Darryl Hall

No. 7, 40, 43, 4
- Position: Linebacker, defensive back

Personal information
- Born: August 1, 1966 (age 59) Oscoda, Michigan, U.S.
- Height: 6 ft 2 in (1.88 m)
- Weight: 210 lb (95 kg)

Career information
- High school: Lompoc (Lompoc, California)
- College: Washington

Career history
- 1989: Seattle Seahawks*
- 1990–1992: Calgary Stampeders
- 1993–1994: Denver Broncos
- 1995: San Francisco 49ers
- 1996–2000: Calgary Stampeders
- * Offseason and/or practice squad member only

Awards and highlights
- 2× Grey Cup champion (1992, 1998); 6× CFL All-Star (1991, 1992, 1997, 1998, 1999, 2000);
- Stats at Pro Football Reference
- Canadian Football Hall of Fame (Class of 2025)

= Darryl Hall (gridiron football) =

American gridiron football player (born 1966)

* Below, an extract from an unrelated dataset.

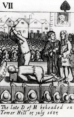蒙茅斯公爵是查理二世的私生子之一,对1685年失败的蒙茅斯叛乱负有责任,当时他试图利用他的新教信仰篡夺他的天主教叔叔。结果,他于 15 年 1685 月 <> 日被判处死刑。

Darryl Edgar Hall (born August 1, 1966) is an American former professional football linebacker and defensive back who played eight seasons in the Canadian Football League (CFL) and three seasons in the National Football League (NFL). He is a two-time Grey Cup champion after winning with the Calgary Stampeders in 1992 and 1998. He also played with the Denver Broncos and San Francisco 49ers.

Hall was inducted into the Canadian Football Hall of Fame in 2025.